2 minute read

When working on Natural Language Processing applications such as Text Classification, collecting enough labeled examples for each category manually can be difficult. In this article, I will go over an interesting technique to augment your existing text data automatically called back translation.

Introduction to Back Translation

The key idea of back translation is very simple. We create augmented version of a sentence using the following steps:

  1. You take the original text written in English
  2. You convert it into another language (say French) using Google Translate
  3. You convert the translated text back into English using Google Translate
  4. Keep the augmented text if the original text and the back-translated text are different.

Backtranslation with English and French Figure: Back Translation

Using Back Translation in Google Sheets

We need a machine translation service to perform the translation to a different language and back to English. Google Translate is the most popular service for this purpose, but you need to get an API key to use it and it is a paid service.

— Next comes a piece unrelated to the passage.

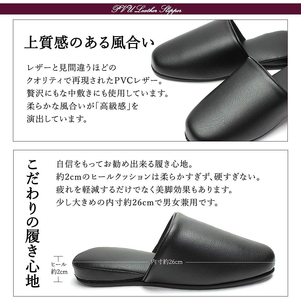 [HYBRIDWORKS] 3-pair set, high quality leather style slippers, antibacterial, black, approx. 26cm, unisex, wipeable, for guests, for business use, front closure
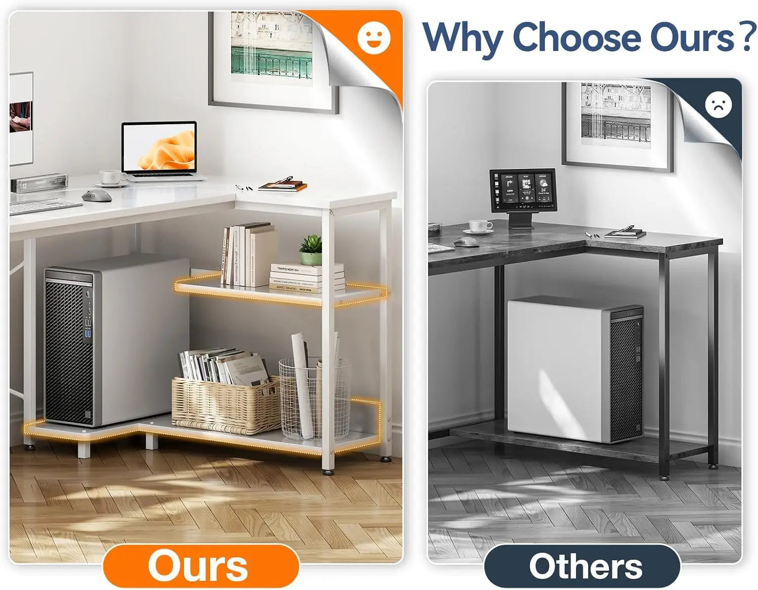 The reversible L-shaped layout offers flexible setup options, allowing you to customize the desk to fit your room’s layout and personal preference. Whether you prefer your workspace on the left or right, this desk adapts to your needs effortlessly.

Luckily, Google provides a handy feature in their Google Sheets web app, which we can leverage for our purpose.

Step 1: Load your data

Let’s assume we are building a sentiment analysis model and our dataset has sentences and their associated labels. We can load it into Google Sheets by importing the Excel/CSV file directly.

Loading Files in Google Sheets

Step 2: Add a column to hold augmented data

Add a new column and use the GOOGLETRANSLATE() function to translate from English to French and back to English.

Add column for translation

The command to place in the column is

=GOOGLETRANSLATE(GOOGLETRANSLATE(A2, "en", "fr"), "fr", "en")

Once the command is placed, press Enter and you will see the translation.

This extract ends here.